We use this information solely to request feedback on our products and steer future development. These requests are occasional and limited in scope. We do not use this data for marketing or promotional purposes.

You have the right to object to this processing at any time by emailing privacy@cognite.com.

Export of data from the EU/EEA to other countries

While your personal data is primarily stored within the European Union or European Economic Area (EU/EEA), it may be processed in other jurisdictions depending on your residency and the specific terms of our signed customer or partner agreements. For transfers outside the EU/EEA, we ensure a similar level of protection by utilizing EU Standard Contractual Clauses (SCCs) or relying on adequacy decisions, ensuring your data remains secure regardless of where it is processed. . Any such transfer of your personal information will take place in accordance with existing legislation and without impairing your legal rights.

Sharing your data with Third Parties

We will not share your personal data with third parties except when necessary for our business routine operations or to fulfill our obligations in providing you with our services and support to you.

In order to provide you with a better user experience, we may share your data with our partners and sub-processors.
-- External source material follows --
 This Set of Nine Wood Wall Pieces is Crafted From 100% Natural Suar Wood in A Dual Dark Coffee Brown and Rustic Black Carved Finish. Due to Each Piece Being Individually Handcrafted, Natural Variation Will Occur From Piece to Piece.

Complete list of Sub-processors can be found here.

The disclosure of personal data to third parties as described above takes place pursuant to the obligations set out in our Data Processing Agreement with third parties.

Retention

We only store your personal data for as long as is necessary for the purposes described above. Information related to our service will be stored for 30 daysafter the customer relationship ends. Newsletters, marketing and Cognite conference invitations will be sent out until you opt-out or end your customer relationship with Cognite.
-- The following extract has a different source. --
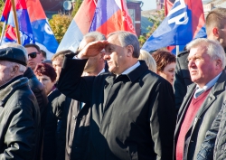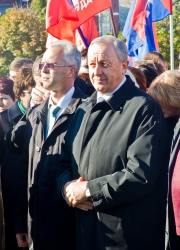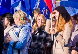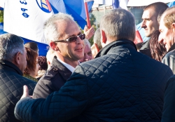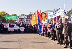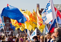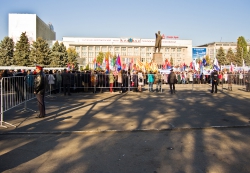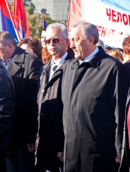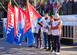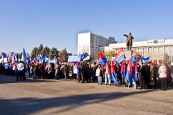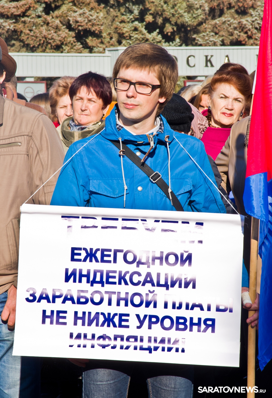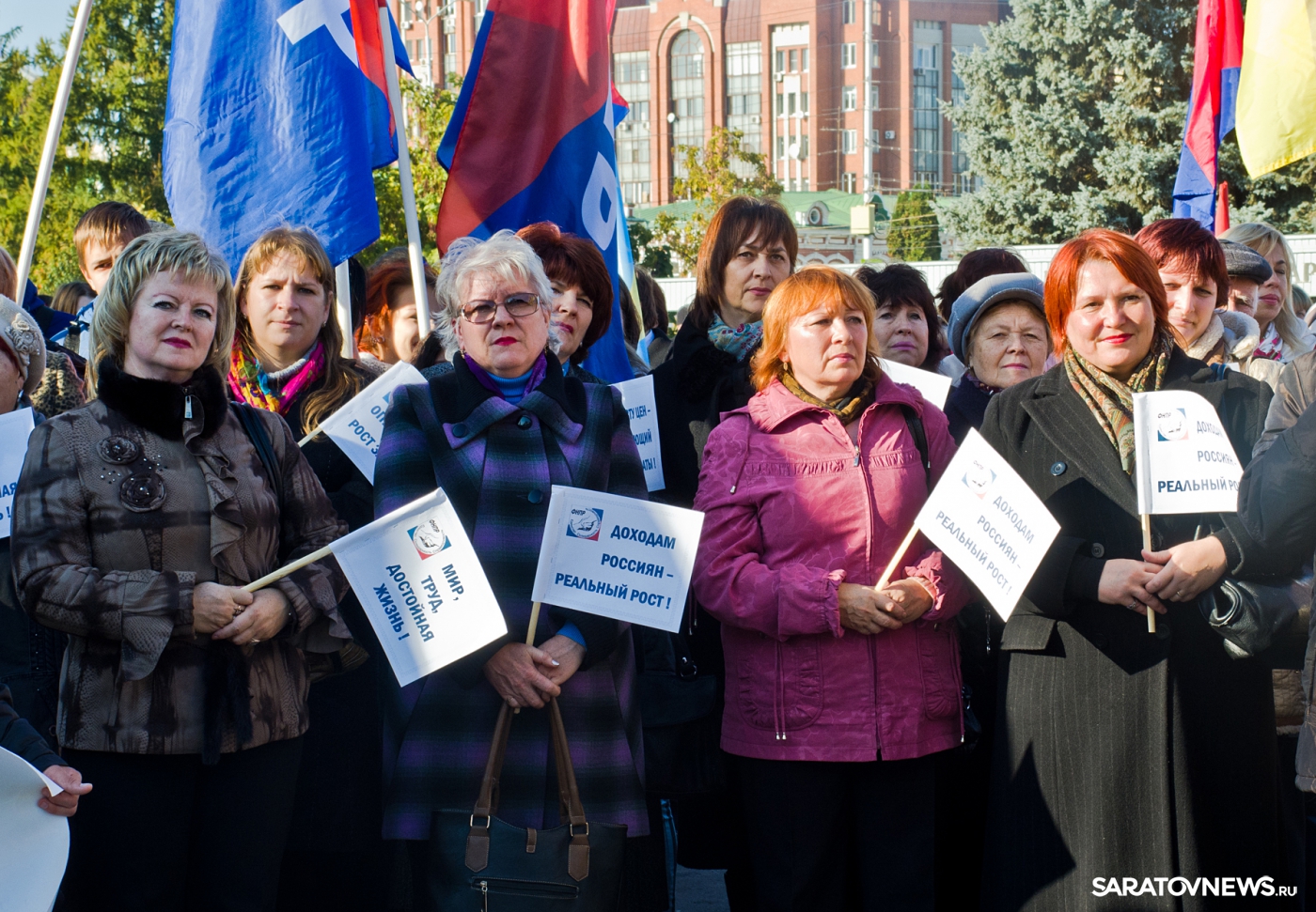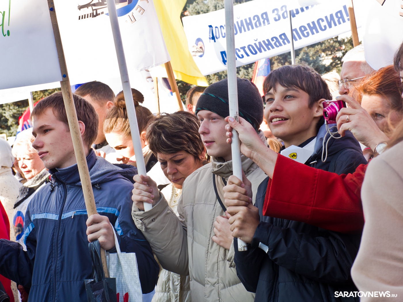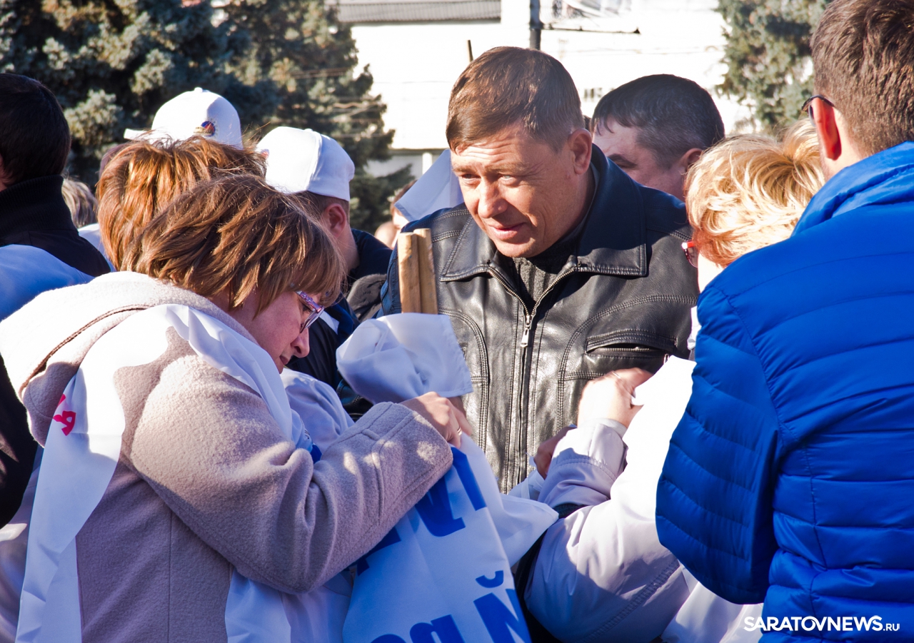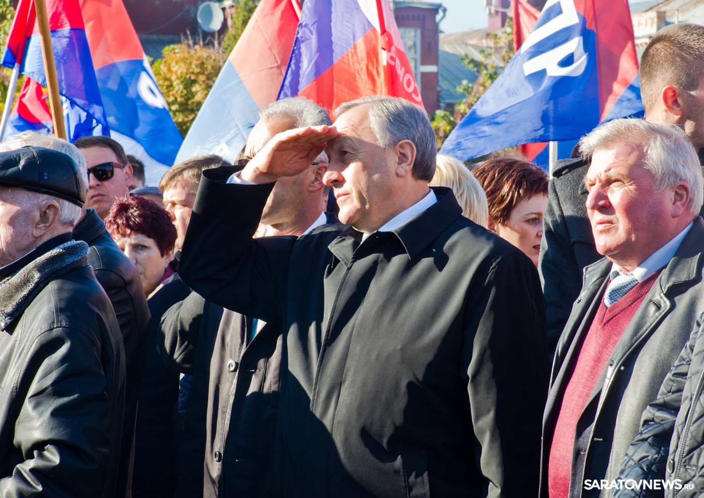 "Мы работаем на рост экономики, модернизацию промышленности, создание современных рабочих мест, повышение качества жизни. И равняемся - на человека труда, которого Президент назвал гордостью и опорой страны, кормильцем России!", - отметил Валерий Радаев в своем приветственном слове к участникам митинга. Далее он напомнил, что благодаря социальному партнерству в регионе снижается уровень безработицы - только с начала года создано около 11 000 рабочих мест; растет зарплата бюджетников, уровень которой приближен к средней по экономике. В Саратовской области права работников защищают 6 000 коллективных договоров и свыше 200 трудовых соглашений. Двенадцать лет подряд заключается трехстороннее соглашение между правительством, профсоюзами и предприятиями. По словам Радаева, современные внешнеполитические условия требуют от ее населения "координации действий, поиска новых решений, пересмотра экономических планов".

Your rights under the GDPR

You have the right to request additional information from us about how we process your personal information. You may request for us to correct your data if you locate any errors, access all the personal data we have stored about you, and delete your personal data. We willdelete your personal data if we no longer have a legal and legitimate processing purpose. You also have the right to ask us to provide you with your personal data in a structured, commonly used, machine-readable format. Please note that while we will endeavor to accommodate all reasonable requests, technical limitations may prevent us from directly transferring your data to another system.
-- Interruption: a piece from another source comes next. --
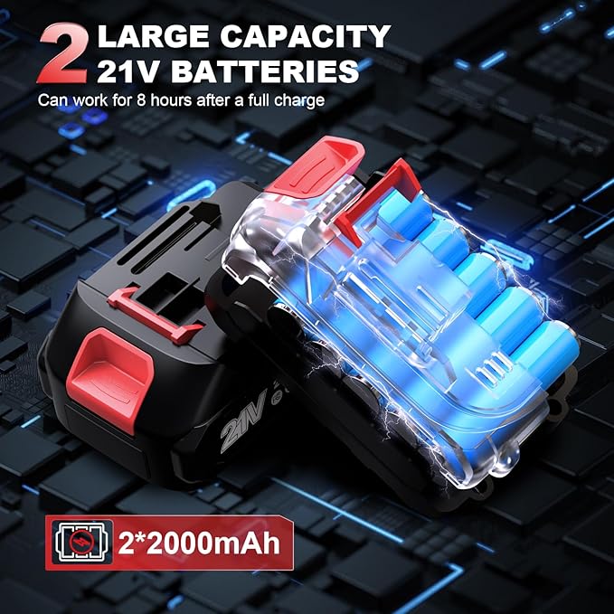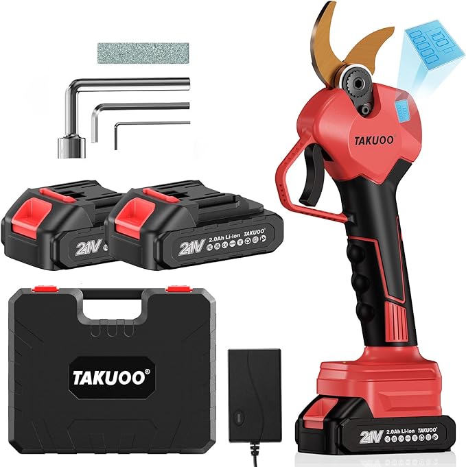 • Dual Batteries for Extended Use: Equipped with two 2.0Ah batteries, these battery pruning shears double your cutting time. Perfect for full-day work, the electric branch cutter trims without frequent recharging.

Furthermore, you have the right to restrict our processing, object to our processing and to export personal data elsewhere. To exercise your rights, please contact us at privacy@cognite.com. We will respond to your inquiry as soon as possible, and at the latest within 30 days. If you wish to exercise your rights, we will require that you confirm your identity by providing additional information, such as a copy of your driving license or passport.

Complaint

If you believe that our collection, storage and use of personal data does not comply with our privacy notice or does not comply with privacy law, you may complain to the local data protection authority here: https://www.datatilsynet.no/

Changes to our Privacy Policy

We may change this statement from time to time in the future. Any such changes will be posted here and, where appropriate, notified to you in writing. We advise you to check back frequently to see any updates or changes.

Definitions

"CDF'' means Cognite Data Fusion, a software system made and implemented by or on behalf of Cognite, the core functionality of which is to collect, process, and store data and to make such data available for consumption. The term "CDF'' shall include CDF API and Extractors. A further description of CDF shall be maintained at https://docs.cognite.com/cdf/.

"Cognite" means Cognite AS and all existing subsidiaries.